José de Arimathéia enviou:
Isso passou na TV há dias. Por que só encontrei na Internet hoje?
Ah: para o pessoal da minha lista que não sabe, o caso Tuskgee, citado na matéria, e que virou filme (Cobaias Humanas), é o que levou ao termo BIOÉTICA.
É curioso que o país que tenha condenado os nazistas por experiências médicas faça exatamente a mesma coisa, não?
Estados Unidos encontravam cobaias humanas na Guatemala na década de 1940
Le Monde
Entre 1946 e 1948, guatemaltecos foram inoculados com infecções sexualmente transmissíveis por médicos americanos
É um dos episódios mais terríveis que a medicina conheceu depois da Segunda Guerra Mundial. Esse caso que envolve as maiores instituições médicas americanas mobilizou o Comitê de Ética situado junto ao presidente dos EUA. No último dia 29 foram reveladas as linhas gerais do relatório que o comitê entregará proximamente a Barack Obama sobre um estudo escandaloso realizado de 1946 a 1948 na Guatemala, e pelo qual o presidente americano apresentou em 2010 desculpas oficiais a esse país.
Médicos do Serviço de Saúde Pública (PHS na sigla em inglês) dos EUA conduziram experimentos humanos nesse país da América Central, durante os quais eles conscientemente inocularam centenas de detidos, soldados e pessoas internadas em hospital psiquiátrico, no total 696 indivíduos, com os agentes responsáveis por infecções sexualmente transmissíveis (sífilis, blenorragia, cancro mole). O estudo teria provocado 83 mortes. Cinco sobreviventes acabam de ser identificados pelas autoridades locais.

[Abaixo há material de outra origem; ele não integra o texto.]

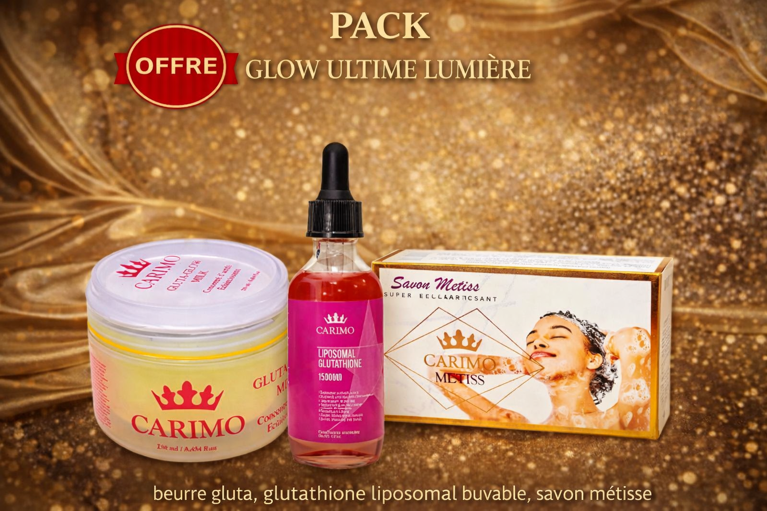 Ce pack contient beurre gluta glow, Glutathione liposomal (buvable) et le savon métisse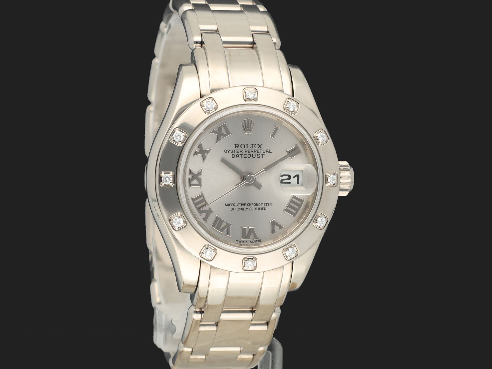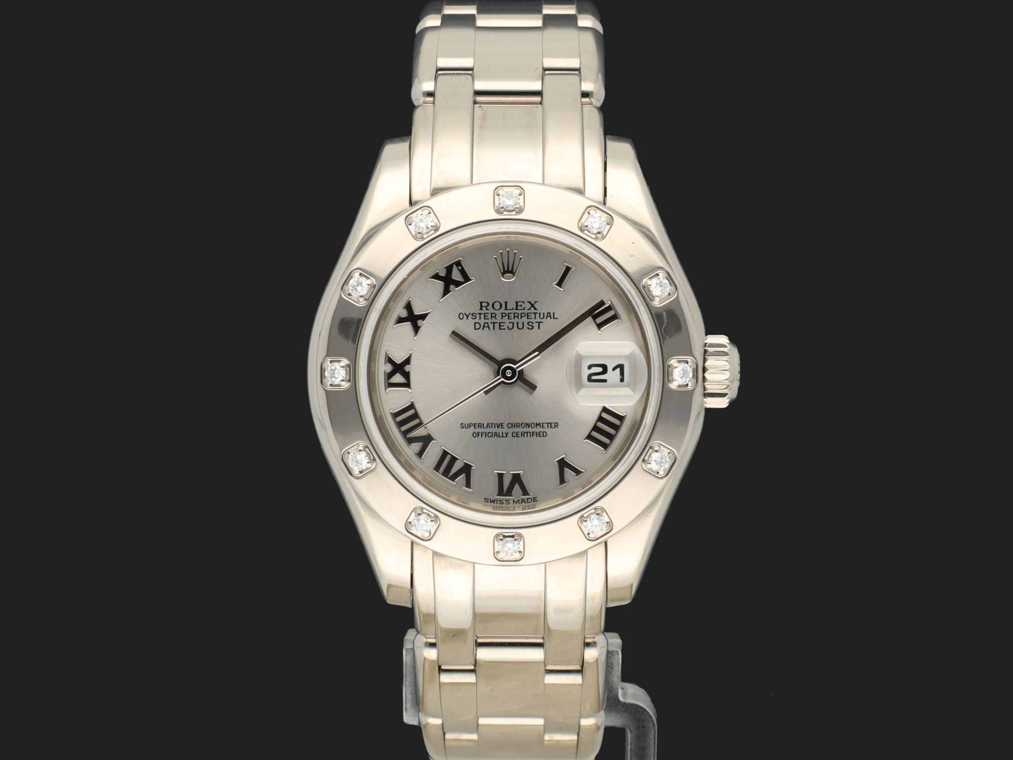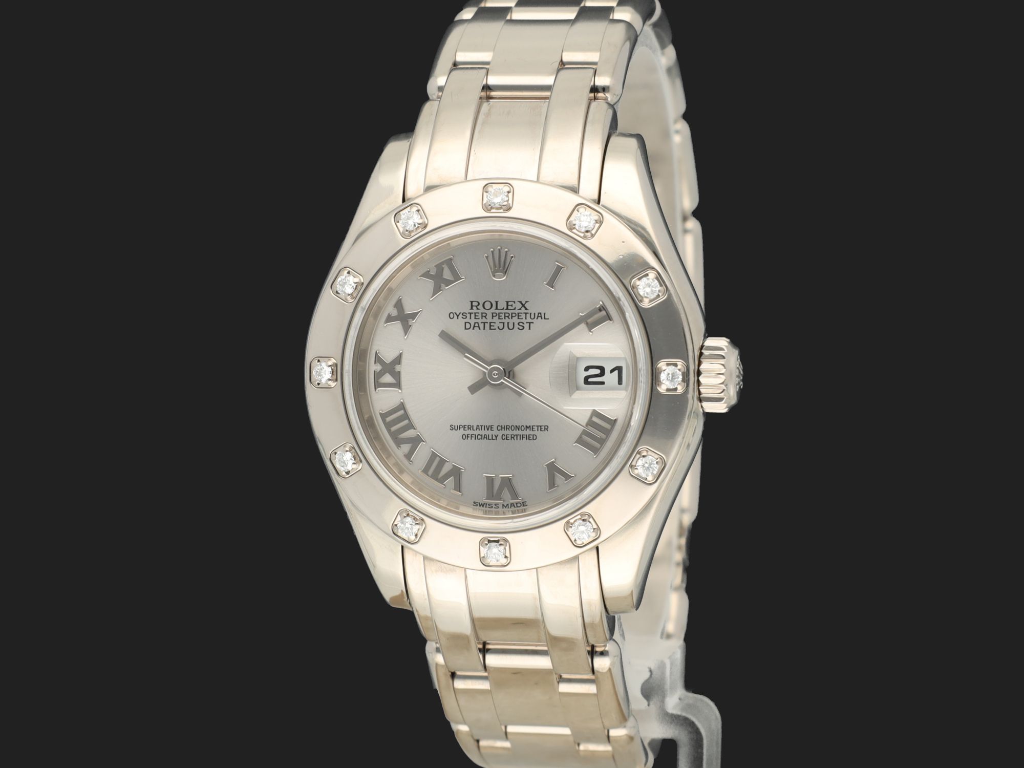 Lady-Datejust Pearlmaster White Gold Silver Roman Dial 80319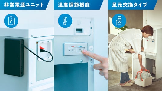 重い水ボトルを持ち上げずにセットできる足元交換タイプなので、どなたでも扱いやすいユニバーサルデザインとなっています。日常使いはもちろん、災害時の備えとしても取り入れやすい仕様です。

O caso só foi descoberto em 2009, mais de 60 anos depois dos fatos, durante a publicação por uma universitária, Susan Reverby, professora no Wellesley College em Boston, de um livro dedicado à "experiência de Tuskegee". Tuskegee é uma cidade do Alabama onde, entre 1932 e 1972 os médicos das mesmas instituições públicas acompanharam 700 afro-americanos pobres, dos quais dois terços tinham sífilis, sem informá-los de sua doença e sem lhes propor tratamento ou prevenção.
Explorando na Universidade de Pittsburgh os arquivos de John Cutler, um dos médicos que participou desse estudo, Reverby revelou documentos sobre o programa, até então desconhecidos, que esse médico havia realizado na Guatemala, com o aval de seus superiores e a participação de responsáveis da Guatemala. A sugestão de realizar o estudo partiu do doutor Juan Funes, responsável pelo departamento de controle de doenças venéreas dos serviços de saúde pública da Guatemala.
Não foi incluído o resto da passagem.